▶ [Task instructions] Pictures in the listing below are skipped, while the lines from the "ペープサートなどを通じて、万" line through the "PubMedID 28447386 |" line are returned word for word.

### Supplied entries

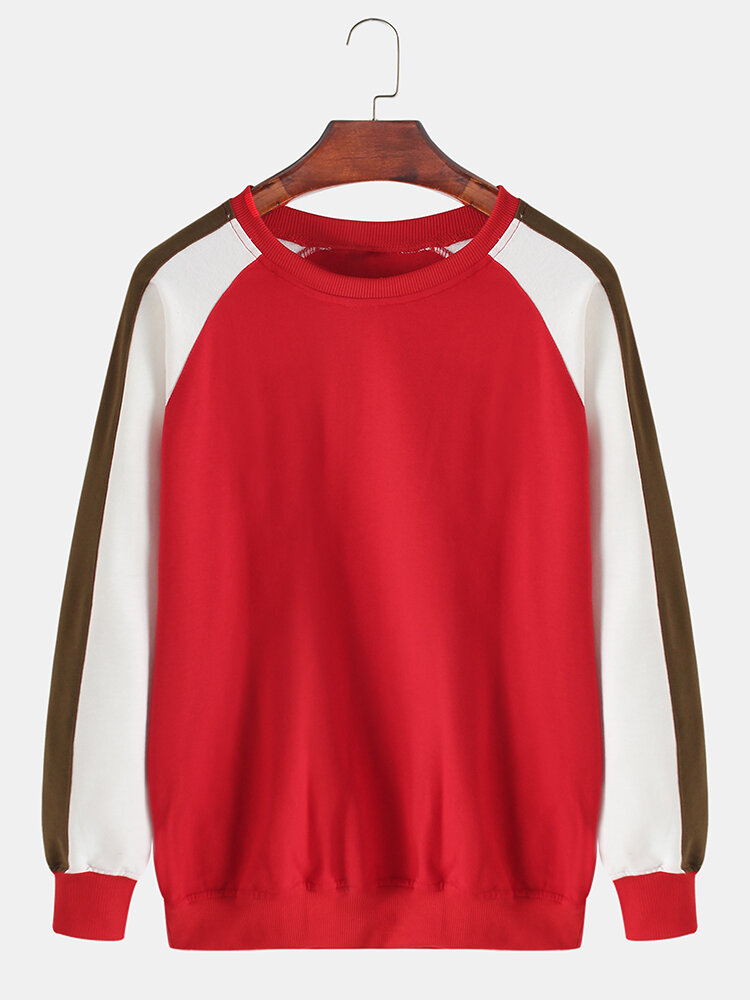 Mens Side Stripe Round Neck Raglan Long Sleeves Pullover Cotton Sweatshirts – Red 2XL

######
### Supplied entries

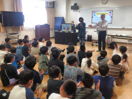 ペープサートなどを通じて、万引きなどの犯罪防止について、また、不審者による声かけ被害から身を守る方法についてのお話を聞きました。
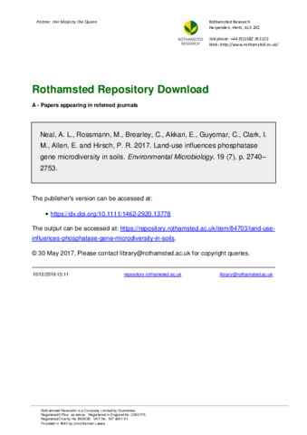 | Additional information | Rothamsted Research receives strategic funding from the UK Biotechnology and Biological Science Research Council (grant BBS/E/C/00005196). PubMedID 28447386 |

######

▶ [Result of the exercise]
 ペープサートなどを通じて、万引きなどの犯罪防止について、また、不審者による声かけ被害から身を守る方法についてのお話を聞きました。
 | Additional information | Rothamsted Research receives strategic funding from the UK Biotechnology and Biological Science Research Council (grant BBS/E/C/00005196). PubMedID 28447386 |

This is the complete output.